Notes on feasibility across applications

  • Cost and latency depend on DSA indexer determinism (torch.topk) and long-context serving optimizations; instability of non-deterministic top-k harms RL/generalization.
  • Safety and governance are pivotal for agentic autonomy, especially with tool use and code execution; robust sandboxing, auditability, and human-in-the-loop controls are required.
  • Licensing and data governance (PII, IP, compliance) determine where open-weight deployment is permissible.
  • Performance on domestic chips depends on kernel maturity and framework parity; plan for staged rollouts and profiling.
  • Quantization (INT4 QAT) requires matching kernels between training and inference to avoid accuracy drift.

Glossary

  • Agent RL: Reinforcement learning algorithms applied specifically to autonomous agents. "we present novel asynchronous Agent RL algorithms designed to enhance the quality of autonomous decision-making."
  • Agentic engineering: Designing AI systems as autonomous agents capable of planning and acting in complex environments. "to transition the paradigm of vibe coding to agentic engineering."

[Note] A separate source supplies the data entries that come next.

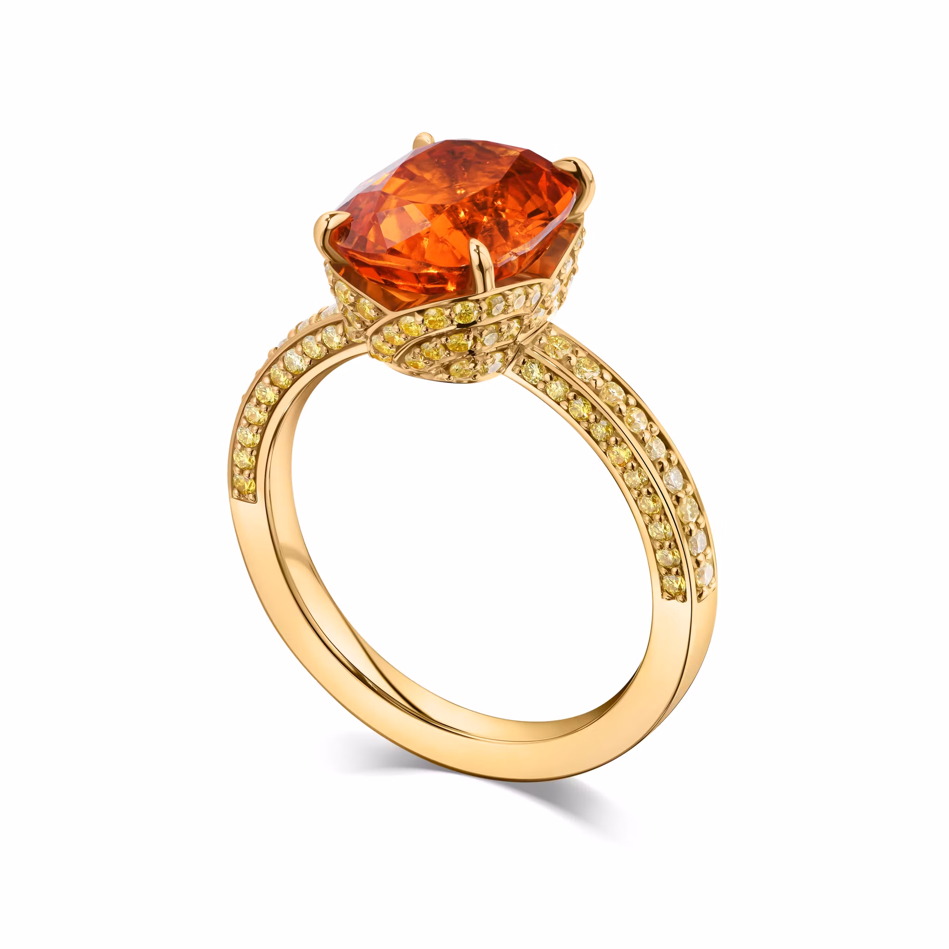 Кольцо "Golden Dream" воплощает в себе гармонию и изысканность. Центральный спессартин весом 4.52 карата завораживает своим насыщенным оранжевым оттенком, словно заключая в себе солнечный свет. Этот камень, обладающий природной теплотой, создает уникальный акцент, который невозможно не заметить.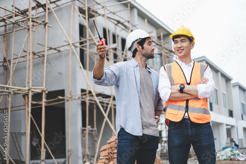 construction engineering project concept. Engineer and businessman handshake at construction site. portrait of Construction worker.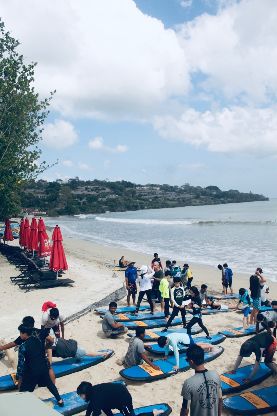 호텔 근처 짐바란 비치라는 곳으로 두 그룹으로 나누어 교대로 서핑을 하러 갈 예정이라 아침부터 비치웨어를 입히고 갈아입을 옷을 따로 챙겨 보내라고 단톡방에 공지가 올라왔다.

  • Agentic RL: Reinforcement learning tailored to improve agent behaviors over long horizons and complex tasks. "Agentic RL"

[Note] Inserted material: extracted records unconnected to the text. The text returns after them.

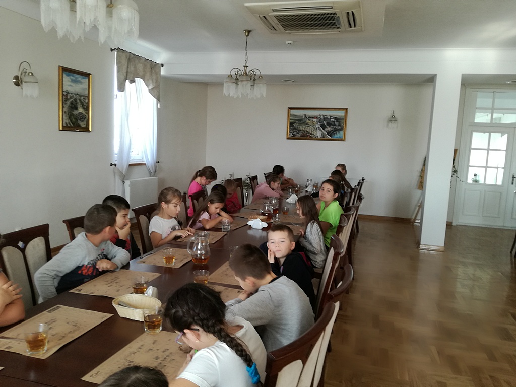 Na koniec uczestników wycieczki uraczono pierogami. Dzieci bawiły się wyśmienicie, zadowolone i pełne wrażeń z ociąganiem żegnały się z Kresową Osadą. Był to dzień pełen radości oraz niezapomnianych przeżyć.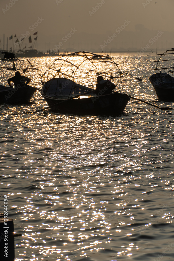 Silhouetted Boats at Sunset – A Serene Riverside Scene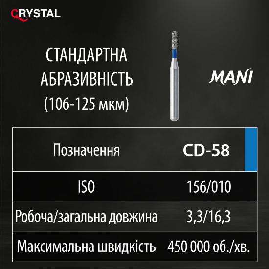 Алмазний бор CD-58 (Child Dentistry - Для дитячої стоматології). Фісура, ISO 156/010, синій, Mani (Japan)
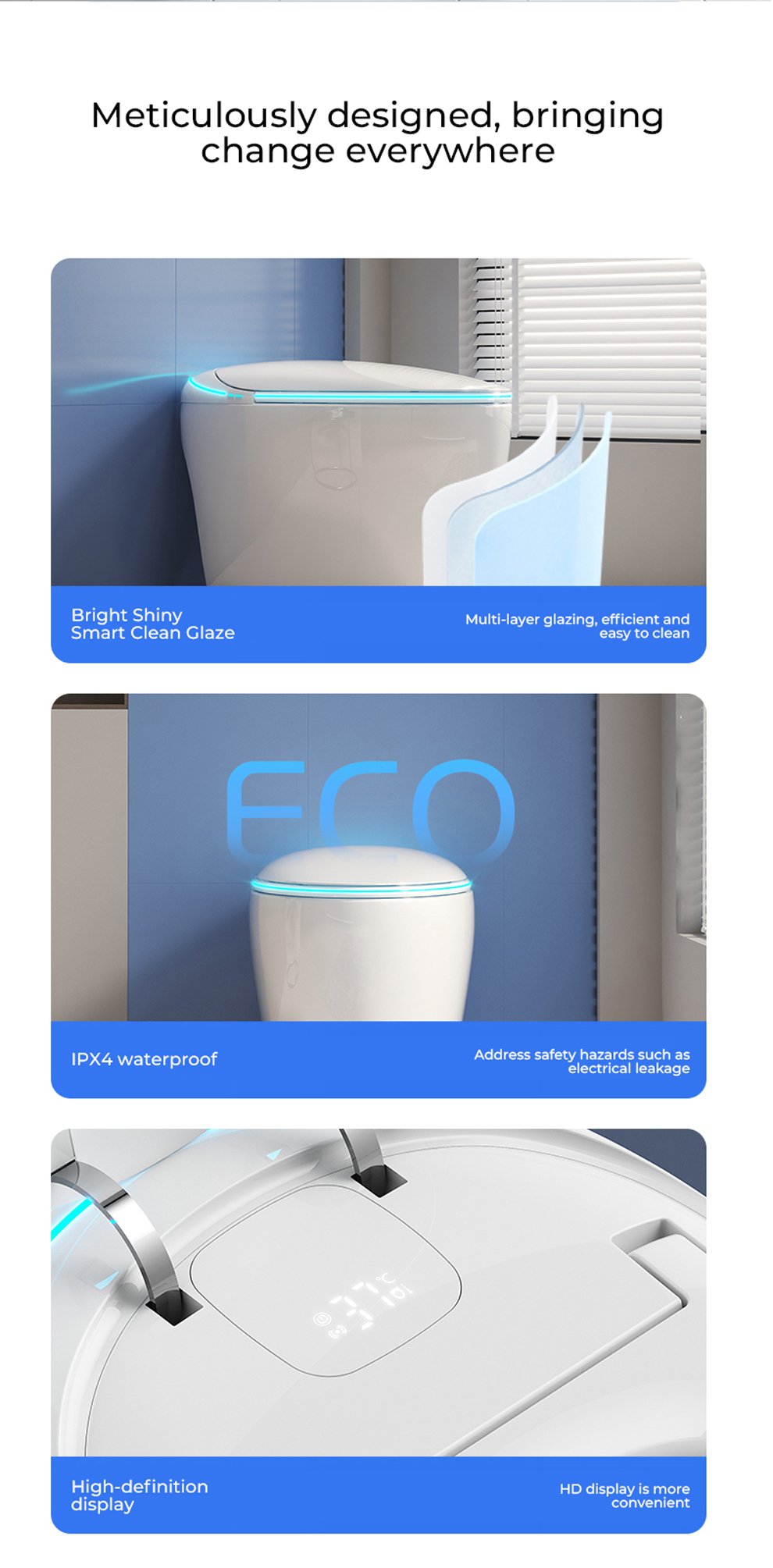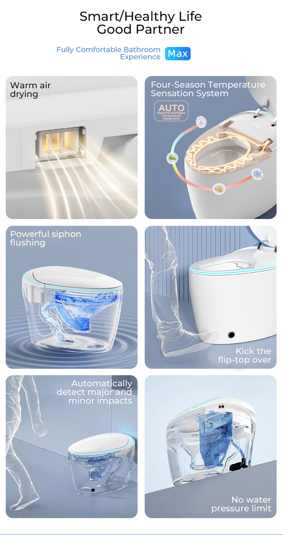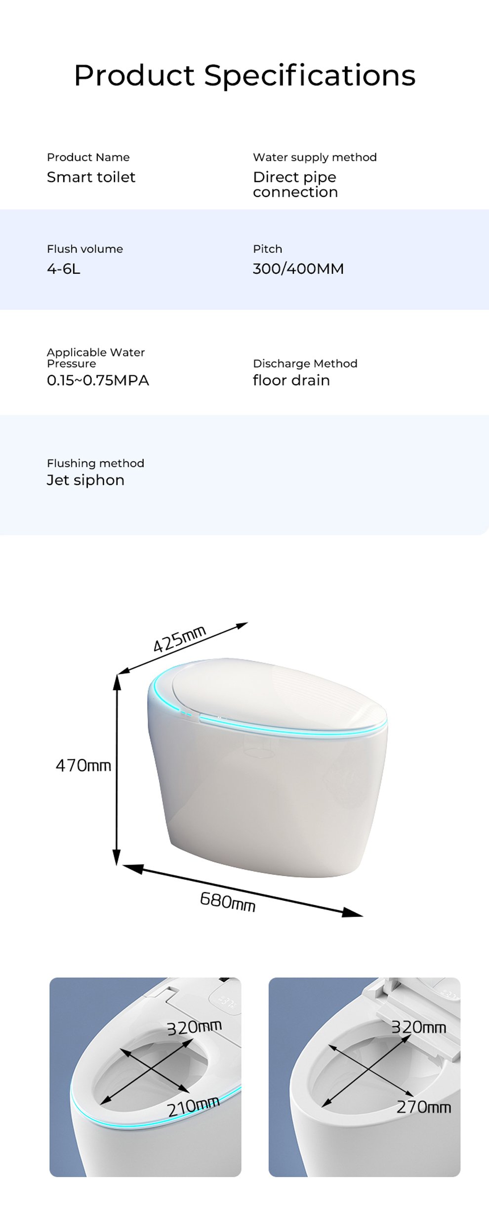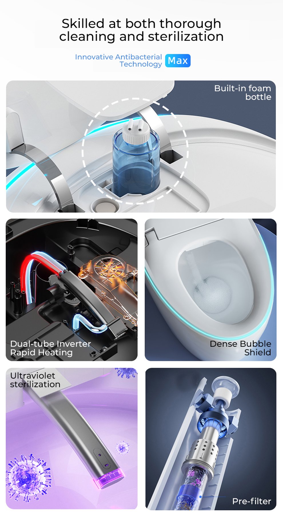 Selling points: UV sterilization/four-season temperature sensing system/built-in bubble/built-in aromatherapy/flowing light atmosphere taillights/size and flush recognition/front filtration
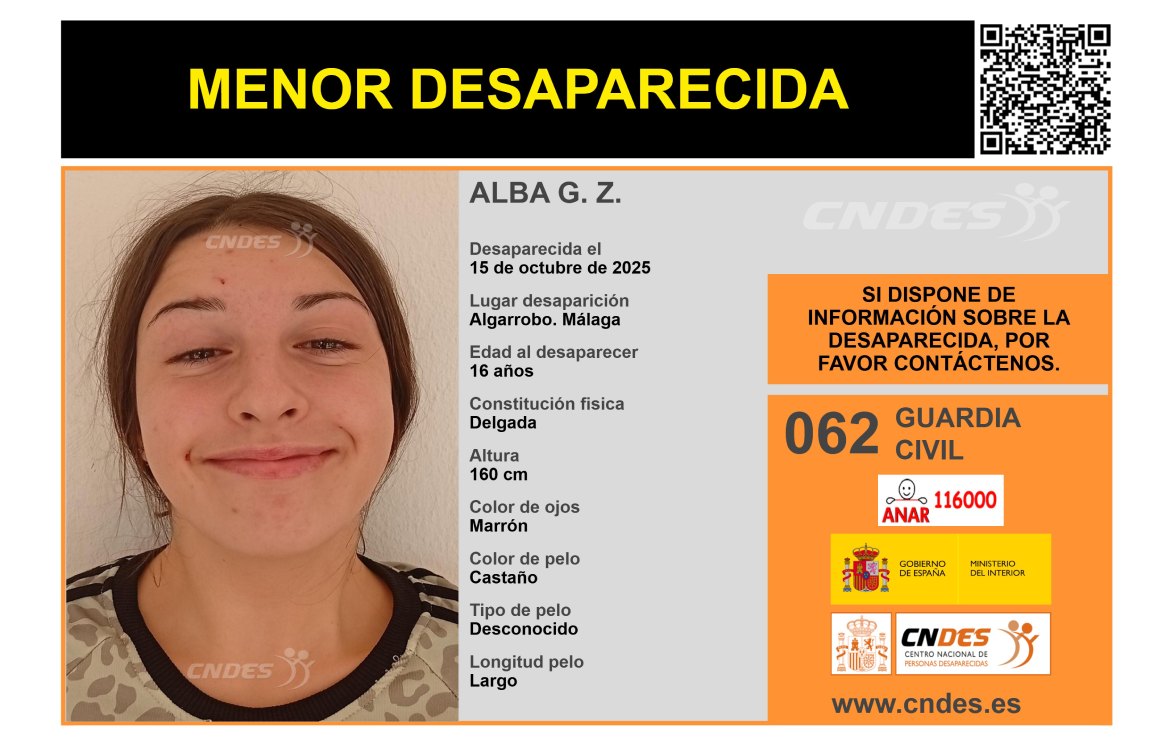 Su nombre es Alba G.Z., tiene 16 años, y lleva desaparecida desde el pasado 15 de octubre, cinco días. Según informan desde el Centro Nacional de Personas Desaparecidas, su constitución física es delgada, mide 1,60 metros, tiene los ojos marrones y el pelo largo y castaño.

  • ARC (Agentic, Reasoning, and Coding): A capability triad combining agent skills, logical reasoning, and programming. "Building upon the agentic, reasoning, and coding (ARC) capabilities of its predecessor"

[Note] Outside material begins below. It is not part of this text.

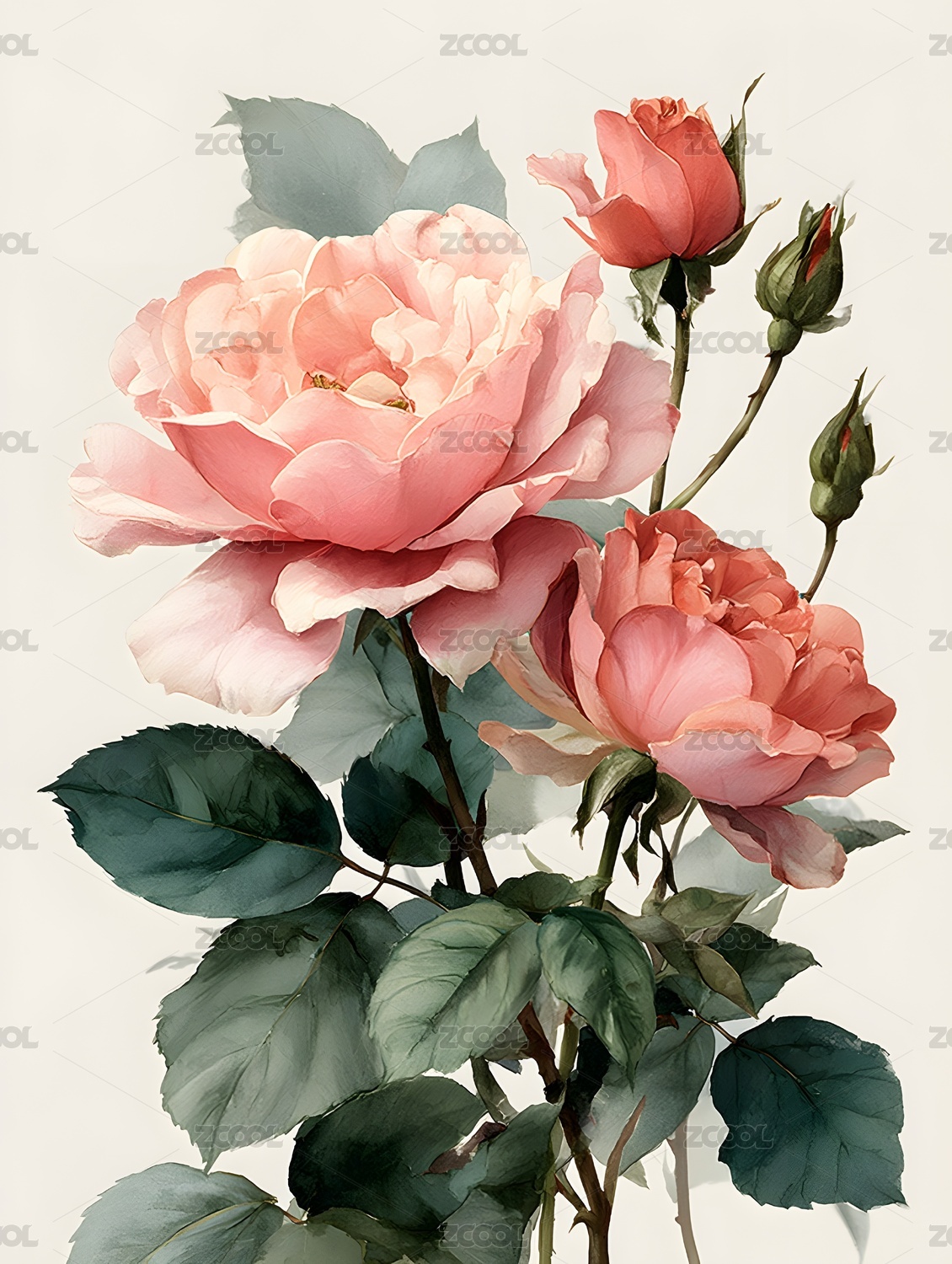优雅粉玫瑰花卉插画

  • AGI: A form of AI aiming for general, human-level intelligence across diverse tasks. "The pursuit of AGI"
  • Beam search: A heuristic search strategy that explores a limited set of top candidates at each step. "We employ a beam search strategy to determine the configuration that maximizes performance on long-context downstream tasks."
  • Catastrophic forgetting: Loss of previously learned capabilities when training on new objectives without safeguards. "to prevent catastrophic forgetting"
  • Context-parallel groups: Data-parallel subdivisions that split sequences across devices to handle long contexts efficiently. "flexible partitioning of data parallel ranks into context-parallel groups of varying sizes"
  • Cross-Stage Distillation (On-Policy Cross-Stage Distillation): Knowledge transfer across sequential training stages while keeping data distribution on-policy. "On-Policy Cross-Stage Distillation throughout this process to prevent catastrophic forgetting"
  • CUDA-based top-k operator: A GPU implementation for selecting the top-k values that may be non-deterministic. "Compared with the non-deterministic CUDA-based top‑k implementation used in SGLang’s DSA Indexer"
  • Data-parallel ranks: Replicated model partitions used to scale training across multiple devices. "we shard gradients across data-parallel ranks so that each stage stores only a 1/dp fraction of the full gradients."
  • DCLM classifier: A data quality classifier leveraging sentence embeddings for large-scale web data filtering. "We introduced another DCLM classifier based on sentence embeddings"
  • DeepSeek Sparse Attention (DSA): A dynamic, content-aware sparse attention mechanism that reduces long-context compute. "First, we adopt DSA (DeepSeek Sparse Attention)"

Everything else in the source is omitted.